Even after all this, the sea squirt isn’t completely without a nervous system.

brainSea vases continue to replace their brains throughout their life cycle (Representational Image: Gemini)

Losing your brain sounds like the end of everything. But for one small marine creature, it’s just part of growing up. Sea squirt, a tiny sac-like sea creature, keeps replacing its brain throughout its life cycle. This marine animal belongs to the genus Ciona and looks like a soft, blob-like tunicate attached to rocks. But its life story is one of the strangest transformations in the animal kingdom.

Sea squirts don’t start life as stationary blobs. One of the most popular brain-replacing species in this genre is Ciona intestinalis, also known as sea vase—a solitary, translucent, filter-feeding sea squirt found in temperate coastal waters. As larvae, they resemble tiny tadpoles (~1-2 mm long), complete with a simple cerebral vesicle (a.k.a. their brain), a dorsal nerve cord, a notochord, and a muscular tail for free-swimming exploration in ocean currents.

This larval stage lasts 1-3 days, powered by phototaxis and rheotaxis to find suitable settlement sites. Studies using electron microscopy show that the larval brain contains ~200 neurons involved in sensory processing.

Then, something bizarre happens: upon settling headfirst via adhesive papillae, metamorphosis triggers autophagy—self-digestion of ~80% of the central nervous system, including most of the brain, tail, and notochord tissues within hours.

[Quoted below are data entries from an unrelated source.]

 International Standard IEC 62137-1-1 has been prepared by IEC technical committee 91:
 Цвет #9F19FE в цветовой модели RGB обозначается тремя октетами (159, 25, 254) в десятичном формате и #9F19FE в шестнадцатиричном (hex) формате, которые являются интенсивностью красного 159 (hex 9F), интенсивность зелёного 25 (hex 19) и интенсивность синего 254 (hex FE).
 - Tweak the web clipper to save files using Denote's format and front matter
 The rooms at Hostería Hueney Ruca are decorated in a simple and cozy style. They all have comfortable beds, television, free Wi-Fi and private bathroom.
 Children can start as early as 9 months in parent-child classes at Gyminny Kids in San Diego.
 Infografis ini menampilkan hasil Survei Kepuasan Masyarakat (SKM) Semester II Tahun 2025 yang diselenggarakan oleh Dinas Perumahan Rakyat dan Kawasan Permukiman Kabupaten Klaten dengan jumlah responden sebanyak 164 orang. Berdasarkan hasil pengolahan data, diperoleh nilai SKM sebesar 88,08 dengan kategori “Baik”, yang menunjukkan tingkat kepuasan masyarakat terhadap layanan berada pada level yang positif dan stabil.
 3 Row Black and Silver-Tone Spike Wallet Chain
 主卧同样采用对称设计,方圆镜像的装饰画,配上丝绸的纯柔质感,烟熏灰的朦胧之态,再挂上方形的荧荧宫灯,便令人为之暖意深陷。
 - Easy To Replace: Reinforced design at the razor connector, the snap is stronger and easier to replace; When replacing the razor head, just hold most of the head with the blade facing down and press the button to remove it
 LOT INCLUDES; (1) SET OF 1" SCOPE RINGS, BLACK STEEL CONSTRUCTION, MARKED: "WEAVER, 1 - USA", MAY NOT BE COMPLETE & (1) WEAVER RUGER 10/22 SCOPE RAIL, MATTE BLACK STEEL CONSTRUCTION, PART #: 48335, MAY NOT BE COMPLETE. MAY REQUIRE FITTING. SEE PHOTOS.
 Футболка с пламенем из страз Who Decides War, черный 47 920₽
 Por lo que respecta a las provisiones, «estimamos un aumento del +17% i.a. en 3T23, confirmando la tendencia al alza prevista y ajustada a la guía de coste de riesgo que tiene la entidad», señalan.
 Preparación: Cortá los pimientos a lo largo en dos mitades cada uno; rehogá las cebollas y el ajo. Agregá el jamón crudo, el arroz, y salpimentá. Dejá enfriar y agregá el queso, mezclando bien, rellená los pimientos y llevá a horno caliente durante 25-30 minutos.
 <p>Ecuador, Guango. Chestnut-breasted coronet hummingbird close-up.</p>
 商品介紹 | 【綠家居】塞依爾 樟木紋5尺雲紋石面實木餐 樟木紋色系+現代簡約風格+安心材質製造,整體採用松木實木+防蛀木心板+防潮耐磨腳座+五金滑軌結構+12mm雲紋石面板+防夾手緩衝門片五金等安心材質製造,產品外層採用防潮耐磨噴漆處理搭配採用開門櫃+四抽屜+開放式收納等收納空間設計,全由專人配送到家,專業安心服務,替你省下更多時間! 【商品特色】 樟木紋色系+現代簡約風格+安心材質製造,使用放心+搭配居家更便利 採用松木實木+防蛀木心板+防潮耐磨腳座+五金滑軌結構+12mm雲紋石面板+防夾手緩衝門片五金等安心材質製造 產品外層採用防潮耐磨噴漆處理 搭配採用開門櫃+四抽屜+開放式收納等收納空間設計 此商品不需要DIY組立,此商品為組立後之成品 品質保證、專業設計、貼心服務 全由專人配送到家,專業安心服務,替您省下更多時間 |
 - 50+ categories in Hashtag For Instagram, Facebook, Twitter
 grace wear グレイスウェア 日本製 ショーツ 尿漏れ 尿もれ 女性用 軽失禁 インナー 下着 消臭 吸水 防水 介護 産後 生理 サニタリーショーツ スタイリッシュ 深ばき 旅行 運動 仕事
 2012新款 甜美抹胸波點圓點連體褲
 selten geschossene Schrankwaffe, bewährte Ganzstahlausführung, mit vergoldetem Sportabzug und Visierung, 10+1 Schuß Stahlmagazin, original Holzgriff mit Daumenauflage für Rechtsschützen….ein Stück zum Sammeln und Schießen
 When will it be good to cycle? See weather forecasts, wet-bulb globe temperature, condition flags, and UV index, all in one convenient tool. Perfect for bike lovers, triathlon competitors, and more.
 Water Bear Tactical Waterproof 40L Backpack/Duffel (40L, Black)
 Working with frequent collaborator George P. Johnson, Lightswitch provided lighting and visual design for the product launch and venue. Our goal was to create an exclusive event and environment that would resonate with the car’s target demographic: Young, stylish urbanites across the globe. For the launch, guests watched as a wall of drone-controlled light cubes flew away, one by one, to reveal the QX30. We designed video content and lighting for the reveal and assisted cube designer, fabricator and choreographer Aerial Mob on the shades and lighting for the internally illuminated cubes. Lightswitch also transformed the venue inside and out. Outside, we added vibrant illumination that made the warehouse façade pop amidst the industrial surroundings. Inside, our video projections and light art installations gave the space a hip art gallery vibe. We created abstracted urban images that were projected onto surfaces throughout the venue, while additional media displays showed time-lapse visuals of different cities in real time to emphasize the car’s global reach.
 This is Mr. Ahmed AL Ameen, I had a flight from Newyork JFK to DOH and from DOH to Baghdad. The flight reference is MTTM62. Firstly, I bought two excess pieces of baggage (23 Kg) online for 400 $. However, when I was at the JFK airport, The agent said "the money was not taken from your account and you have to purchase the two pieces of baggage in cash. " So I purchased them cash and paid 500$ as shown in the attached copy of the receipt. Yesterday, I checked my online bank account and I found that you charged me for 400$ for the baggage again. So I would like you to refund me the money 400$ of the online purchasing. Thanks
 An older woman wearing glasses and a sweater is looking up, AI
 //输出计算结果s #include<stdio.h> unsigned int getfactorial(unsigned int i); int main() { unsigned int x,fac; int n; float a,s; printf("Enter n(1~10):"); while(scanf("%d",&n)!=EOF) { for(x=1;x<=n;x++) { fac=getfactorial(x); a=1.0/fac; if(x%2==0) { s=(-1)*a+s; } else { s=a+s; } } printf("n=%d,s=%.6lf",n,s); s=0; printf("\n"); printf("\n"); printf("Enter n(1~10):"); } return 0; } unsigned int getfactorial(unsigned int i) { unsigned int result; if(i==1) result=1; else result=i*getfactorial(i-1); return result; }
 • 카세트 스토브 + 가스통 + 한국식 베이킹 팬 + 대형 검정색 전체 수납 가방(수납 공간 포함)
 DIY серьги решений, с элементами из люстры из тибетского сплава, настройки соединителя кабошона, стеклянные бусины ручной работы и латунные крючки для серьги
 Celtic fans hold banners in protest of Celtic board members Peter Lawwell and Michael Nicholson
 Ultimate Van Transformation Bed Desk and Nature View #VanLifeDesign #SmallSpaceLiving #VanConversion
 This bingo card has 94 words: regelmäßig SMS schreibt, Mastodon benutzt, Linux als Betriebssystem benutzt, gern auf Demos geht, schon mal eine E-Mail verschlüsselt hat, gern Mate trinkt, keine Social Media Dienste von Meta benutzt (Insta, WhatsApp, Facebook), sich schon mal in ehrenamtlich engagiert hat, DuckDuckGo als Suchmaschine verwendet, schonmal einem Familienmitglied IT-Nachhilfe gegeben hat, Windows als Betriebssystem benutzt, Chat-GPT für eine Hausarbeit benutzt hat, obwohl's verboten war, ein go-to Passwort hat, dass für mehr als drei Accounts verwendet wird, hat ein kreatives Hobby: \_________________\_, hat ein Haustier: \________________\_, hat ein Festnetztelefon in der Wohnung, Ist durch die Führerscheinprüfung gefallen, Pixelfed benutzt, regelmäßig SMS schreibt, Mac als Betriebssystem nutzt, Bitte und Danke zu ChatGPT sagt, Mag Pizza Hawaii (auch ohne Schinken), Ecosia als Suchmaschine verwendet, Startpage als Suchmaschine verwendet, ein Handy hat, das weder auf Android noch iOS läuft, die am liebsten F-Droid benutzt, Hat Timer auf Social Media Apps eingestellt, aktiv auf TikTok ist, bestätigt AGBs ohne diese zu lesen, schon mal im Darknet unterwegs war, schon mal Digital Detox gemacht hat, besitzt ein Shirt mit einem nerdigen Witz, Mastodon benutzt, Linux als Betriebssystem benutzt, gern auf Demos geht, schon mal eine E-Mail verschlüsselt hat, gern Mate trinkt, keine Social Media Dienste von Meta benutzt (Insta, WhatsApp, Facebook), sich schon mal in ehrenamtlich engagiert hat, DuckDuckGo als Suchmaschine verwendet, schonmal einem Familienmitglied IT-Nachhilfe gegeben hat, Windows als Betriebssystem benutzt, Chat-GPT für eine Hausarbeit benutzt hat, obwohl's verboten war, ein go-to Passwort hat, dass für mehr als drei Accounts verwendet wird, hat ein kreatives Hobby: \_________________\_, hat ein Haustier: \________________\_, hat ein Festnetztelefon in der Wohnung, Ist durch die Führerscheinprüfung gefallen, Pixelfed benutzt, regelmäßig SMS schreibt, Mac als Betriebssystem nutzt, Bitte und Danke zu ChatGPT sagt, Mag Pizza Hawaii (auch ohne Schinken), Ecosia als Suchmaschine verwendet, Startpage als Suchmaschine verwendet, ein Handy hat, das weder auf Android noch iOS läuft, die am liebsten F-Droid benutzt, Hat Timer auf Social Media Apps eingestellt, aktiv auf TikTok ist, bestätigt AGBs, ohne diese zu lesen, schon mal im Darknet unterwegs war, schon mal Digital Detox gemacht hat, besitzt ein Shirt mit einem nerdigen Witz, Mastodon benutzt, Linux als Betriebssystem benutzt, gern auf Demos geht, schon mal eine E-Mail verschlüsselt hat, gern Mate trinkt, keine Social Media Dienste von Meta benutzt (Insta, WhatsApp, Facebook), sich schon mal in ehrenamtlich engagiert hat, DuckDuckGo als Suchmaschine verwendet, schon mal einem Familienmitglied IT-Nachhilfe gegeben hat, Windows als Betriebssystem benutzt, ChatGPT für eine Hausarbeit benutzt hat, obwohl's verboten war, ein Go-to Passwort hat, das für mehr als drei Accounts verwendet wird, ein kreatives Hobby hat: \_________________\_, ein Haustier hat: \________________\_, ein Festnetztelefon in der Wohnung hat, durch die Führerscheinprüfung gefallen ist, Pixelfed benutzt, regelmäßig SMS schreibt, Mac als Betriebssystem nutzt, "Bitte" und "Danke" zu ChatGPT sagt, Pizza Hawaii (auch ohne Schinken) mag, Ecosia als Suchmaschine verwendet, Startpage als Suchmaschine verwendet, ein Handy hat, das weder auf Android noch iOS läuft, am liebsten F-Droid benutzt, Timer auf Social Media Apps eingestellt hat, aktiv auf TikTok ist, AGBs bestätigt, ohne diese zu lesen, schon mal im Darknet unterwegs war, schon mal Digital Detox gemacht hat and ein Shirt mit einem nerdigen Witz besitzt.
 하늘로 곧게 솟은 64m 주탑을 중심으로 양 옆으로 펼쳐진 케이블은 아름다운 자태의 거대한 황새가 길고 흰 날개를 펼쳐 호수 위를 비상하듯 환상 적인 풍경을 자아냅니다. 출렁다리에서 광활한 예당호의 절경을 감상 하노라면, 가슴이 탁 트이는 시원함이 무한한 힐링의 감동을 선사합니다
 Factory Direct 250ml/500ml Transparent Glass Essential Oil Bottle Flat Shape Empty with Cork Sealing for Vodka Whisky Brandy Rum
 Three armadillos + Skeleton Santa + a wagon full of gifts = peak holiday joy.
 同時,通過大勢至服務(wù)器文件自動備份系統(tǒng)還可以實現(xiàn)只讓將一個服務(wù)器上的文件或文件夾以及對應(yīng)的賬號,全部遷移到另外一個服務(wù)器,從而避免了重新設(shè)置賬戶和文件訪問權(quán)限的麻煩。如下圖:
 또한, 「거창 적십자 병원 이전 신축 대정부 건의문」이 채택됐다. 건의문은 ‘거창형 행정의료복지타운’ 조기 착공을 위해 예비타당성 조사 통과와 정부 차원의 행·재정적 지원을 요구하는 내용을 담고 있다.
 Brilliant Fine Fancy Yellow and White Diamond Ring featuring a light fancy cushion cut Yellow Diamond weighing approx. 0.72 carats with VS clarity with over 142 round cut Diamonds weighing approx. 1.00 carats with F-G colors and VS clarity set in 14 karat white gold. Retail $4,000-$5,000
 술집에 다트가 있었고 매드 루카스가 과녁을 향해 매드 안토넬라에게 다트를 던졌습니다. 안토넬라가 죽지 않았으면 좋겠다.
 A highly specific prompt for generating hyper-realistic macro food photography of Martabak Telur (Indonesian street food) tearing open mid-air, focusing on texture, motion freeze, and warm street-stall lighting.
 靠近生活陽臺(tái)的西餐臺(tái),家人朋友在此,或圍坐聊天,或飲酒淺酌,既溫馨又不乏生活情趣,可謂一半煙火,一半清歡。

Why would an animal do that?

As an adult, it becomes a stationary filter feeder, staying fixed in one place and feeding by pulling in water. It uses tiny openings in its body called gill slits to filter out plankton and nutrients. In fact, it can pump over 100 times its own body volume in water every day.

Since it no longer moves or searches for food, it no longer needs a complex brain. And brains are expensive to maintain—they can use up a significant amount of energy. So instead, the sea squirt redirects that energy toward survival and reproduction, producing hundreds of eggs in a single cycle.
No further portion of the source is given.